Все замолкли на время, соображая.

– Ну, ладно, – сказал Лешка. – Давайте на посошок и по койкам.

– Мрачная история, – вздохнул Игорь. – Хотите, я веселую расскажу? Представьте, у меня дед в концлагере охранникам голыми руками головы отрывал. Выжил чудом – узники подняли восстание, когда поняли, что всех их сейчас отправят в газовые камеры. И дотянули до прихода американцев. Дед до сих пор по праздникам обедает из лагерной алюминиевой миски. Чтобы не забывать. Тарелок не признает, только в гостях.

– Это тут при чем? Какая связь? – раздраженно буркнул Дмитрий.

– А при том, что дед говорит, будто Россия превратилась в концлагерь. Как советская власть рухнула, все тут же поделились на охранников и заключенных. Такая самоорганизация.

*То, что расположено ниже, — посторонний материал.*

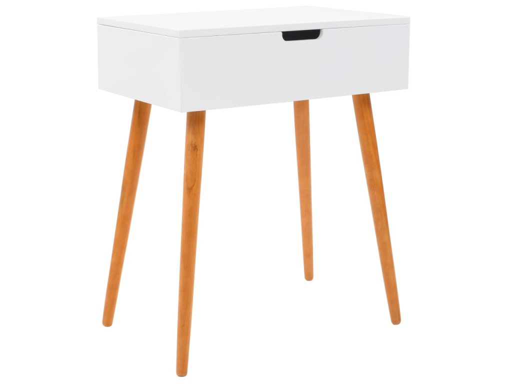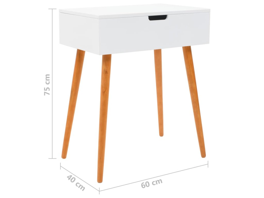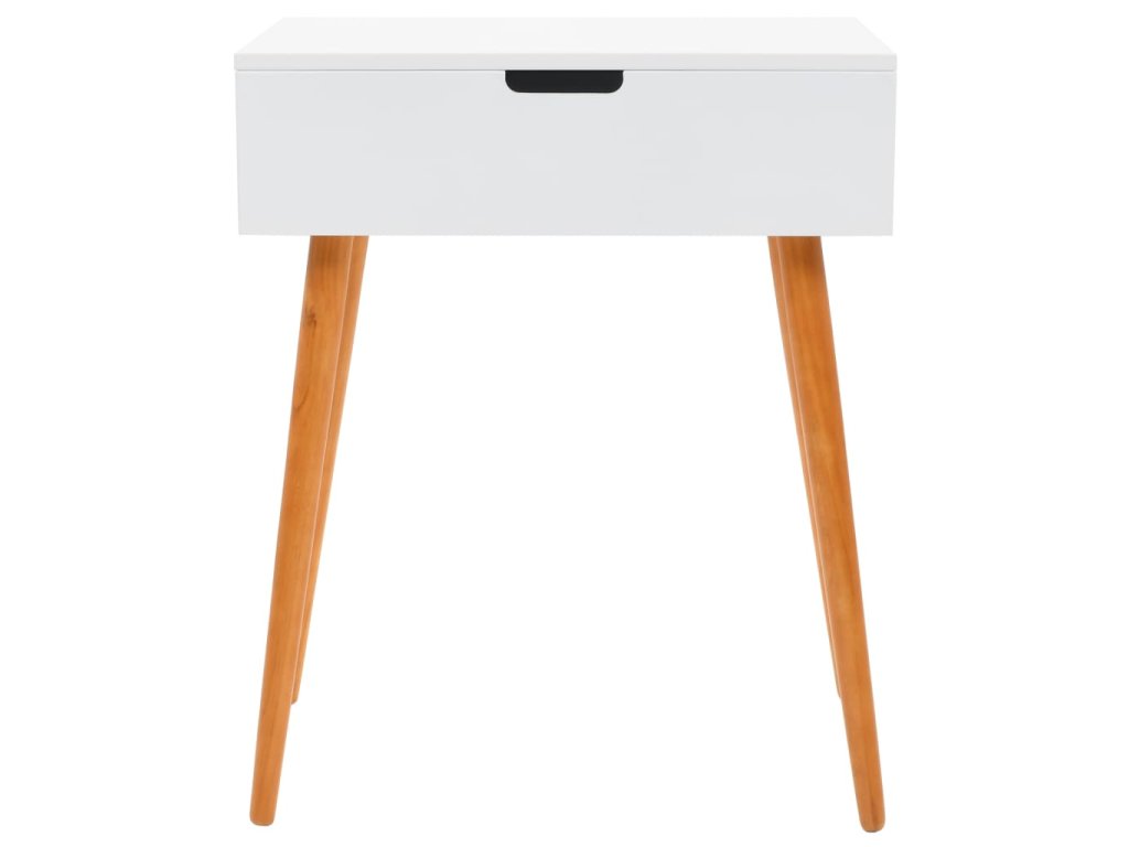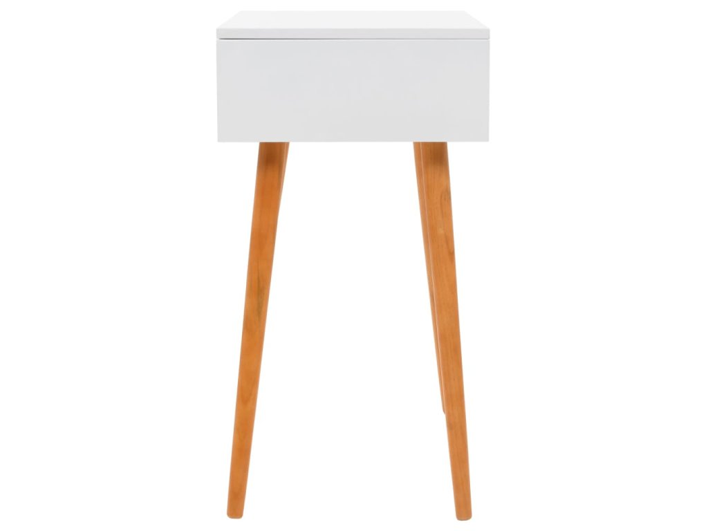 Stolík je vyrobený z MDF a má sklenené zrkadlo. Jeho súčasťou je vyklápací panel so zrkadlom, pod ktorým nájdete priestranný priečinok na odkladanie šperkov. Poskytuje dostatok miesta na kozmetiku a rôzne prípravky na starostlivosť o vlasy a pleť. Keď zrkadlo nepoužívate, stačí ho sklopiť a z vrchnej dosky stola sa stane ideálne miesto na uloženie líčidiel, šperkov a iných kozmetických potrieb. Pevné drevené nohy dodávajú stolíku stabilitu a umocňujú jeho moderný dizajn z polovice minulého storočia.

– Можно подумать, раньше было по-другому, – возразил Дмитрий. – И погоди, власть еще не рухнула.

– Рухнула, – мрачно сказал Лешка. – Это я тебе как представитель ее говорю: нет власти. Теперь, если не получаешь удовольствия от того, что кого-нибудь мучаешь, обворовываешь или обманываешь, – не выплыть.

– Дерьмо всегда плавало, – заметил Игорь.

– Кстати, пошли еще занырнем, – сказал Дмитрий.

Но купаться не пошли, а выпили на посошок.

– А что, правда, тот немец мумии из трупов делает? – спросил я.

– Вот те крест, – перекрестился Дмитрий. – Я ж говорю, получается, как в паноптикуме. Будто живые, только страшные до смерти.

– Мертвяков бояться не надо, – ухмыльнулся Лешка. – Не то что живых. Мертвые – кореша безобидные.

– Ну, не скажи, – возразил Дмитрий. – Я пацанам не поверил, пошел сам на кладбище. Смотрю, Сохатый в плаще над своей могилой стоит… И глаз его блестит, стеклянный… Тут я как заору, ствол достал, с места сойти не могу. Думал, лопну от крика, пока не всадил в него пулю.

– Серебряную?

– Уж какая была.

– И что?

– Ничего. Испортил Сохатому костюмчик, потом пришел, заштопал.

– Заливаешь, – сказал Игорь. – Ты и нитку-то в иголку не просунешь.

– Зато я сейчас кое-кому кое-куда кое-что просуну, если не заткнешься.

– И что – вот так они и стоят: зимой и летом одним цветом? – спросил я.

– Зимой куртку на плечи набрасывают. Летом – в рубашке. Правда, говорят, этой зимой бичи куртку стырили…

– Мародеры, – вздохнул Лешка. – Ничего святого.

– Им нужнее. Такое время… – вздохнул Игорь. – Барачное время.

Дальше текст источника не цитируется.